Assets of the current schedule include the following:
- One of most cost-efficient schedules possible (teachers in front of students 86% of the school day)
- Class period length represents the greatest amount of time possible in a seven or eight-period daily schedule
- Current curriculum and instructional approaches were developed around this schedule
- Current academic successes were achieved in this schedule
- Current approach is understood by the community and students
- Overall structure (two seven-period semesters) is common in Wisconsin.

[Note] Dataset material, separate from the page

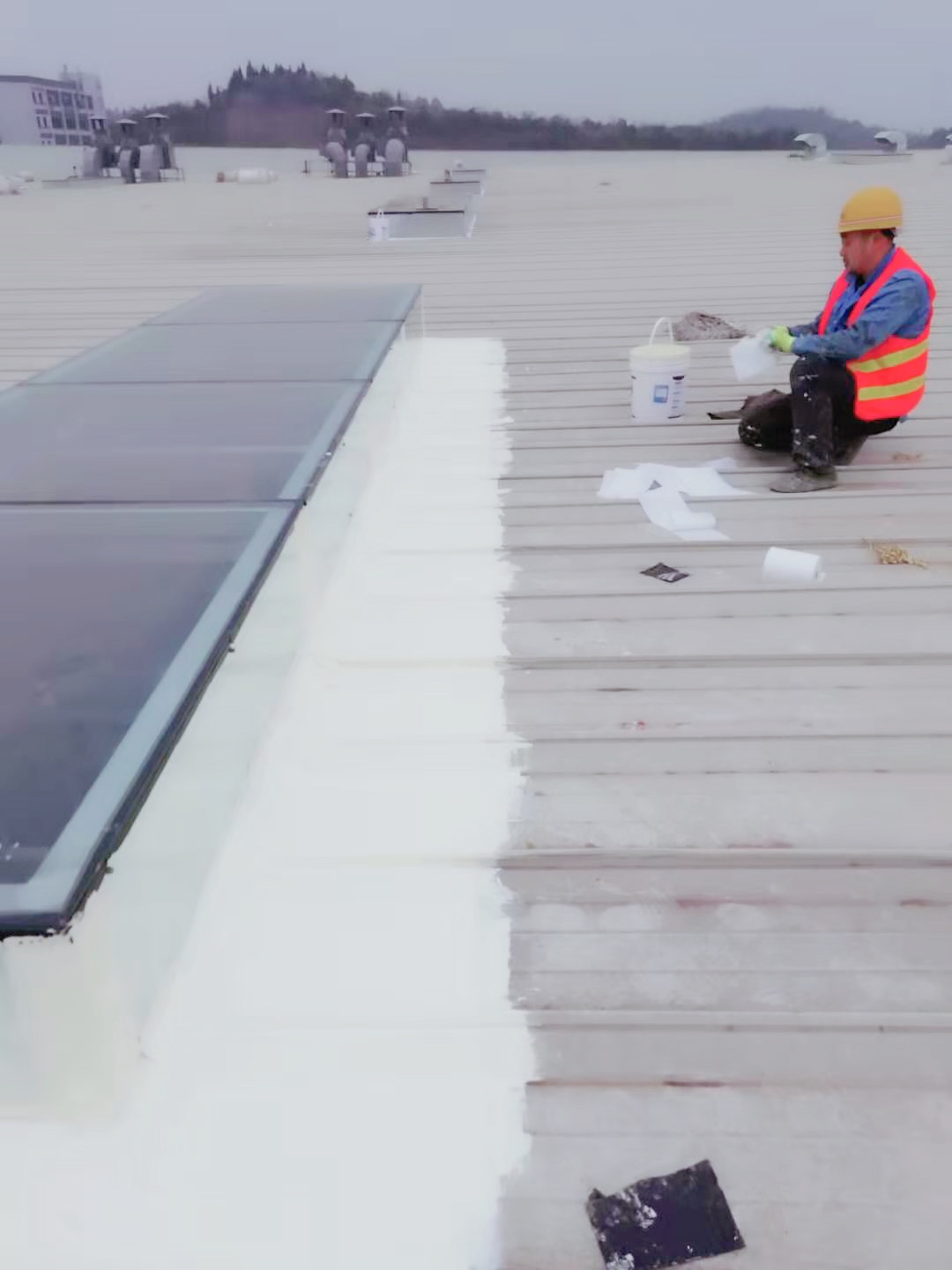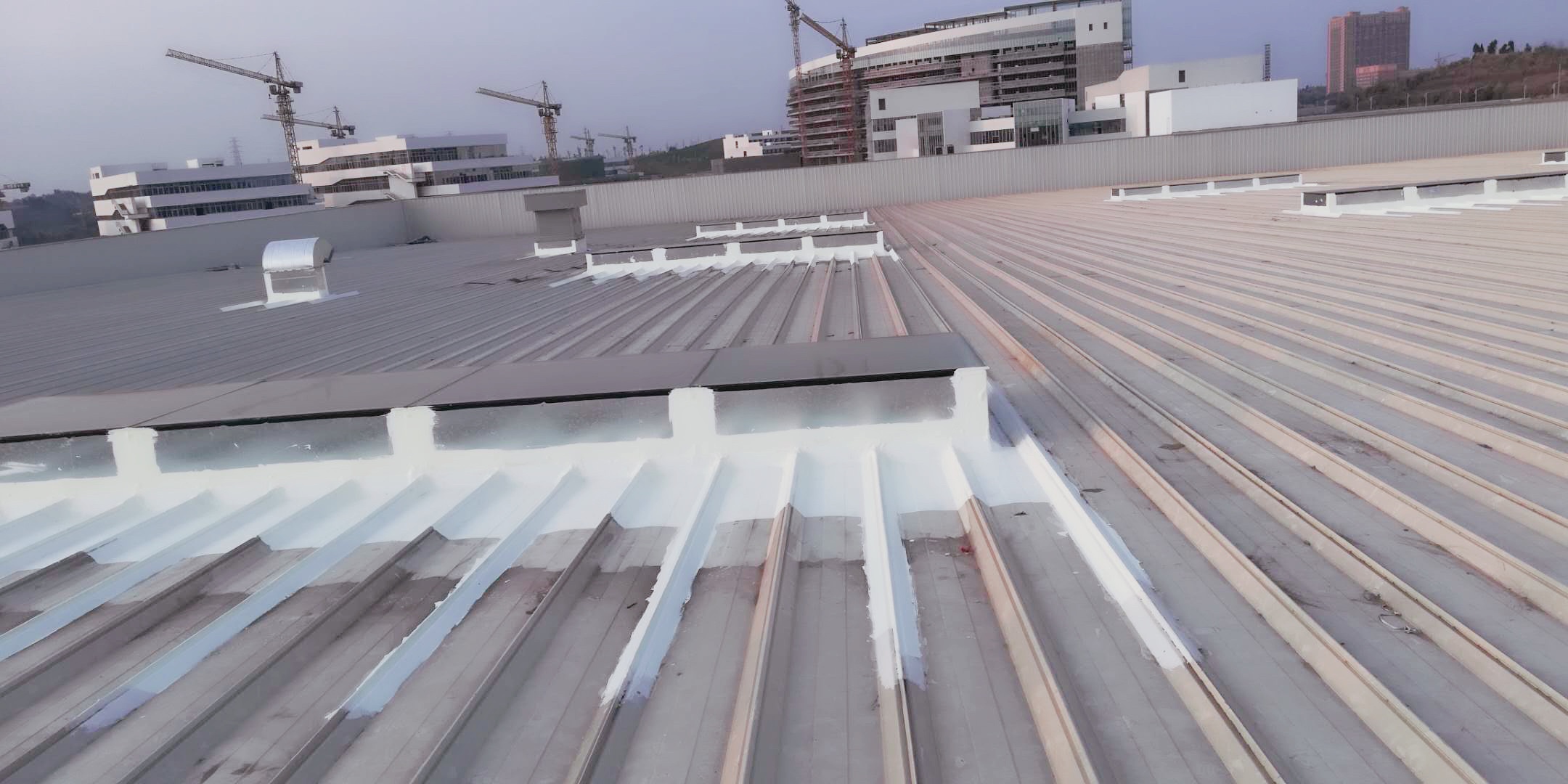 我公司承接的中國牙谷愛齊口腔醫療設備生產基地一期廠房金屬屋面防水工程,工程地位于四川省資陽市高新區,采用本公司的SYR金屬屋面專用防水涂料配合專用的縫織聚酯布,處理效果好。

Challenges associated with the current schedule include the following:
- Teacher load (number of students and courses per term, which can reach almost 170 per teacher in core areas like Math and English) results in less teacher time available per student
- Teacher load results in split attention among more students, educational support staff/teachers, and parents at one time
- Teacher load necessitates compromises in educational quality (reduction of writing-based assessments, for example) to manage volume of student work
- Requirement of teaching six classes in a term requires some teachers to be prepared to teach up to four different courses daily, reducing the amount of time that can be invested in any one course
- One 50-minute teacher preparation period limits amount of time available for student support
- One 50-minute teacher preparation period limits amount of time available for set-up and take-down of hands-on learning experiences like science labs
- One 50-minute teacher preparation period limits amount of time available for non-classroom responsibilities that impact student learning (meeting with educational support personnel and Special Education Teachers, serving on committees or work teams, etc.)
- Teacher energy must be committed almost exclusively to maintenance of current performance, not improvement or innovation
- Faculty morale is low due to a sense of diminished efficacy in meeting students’ needs.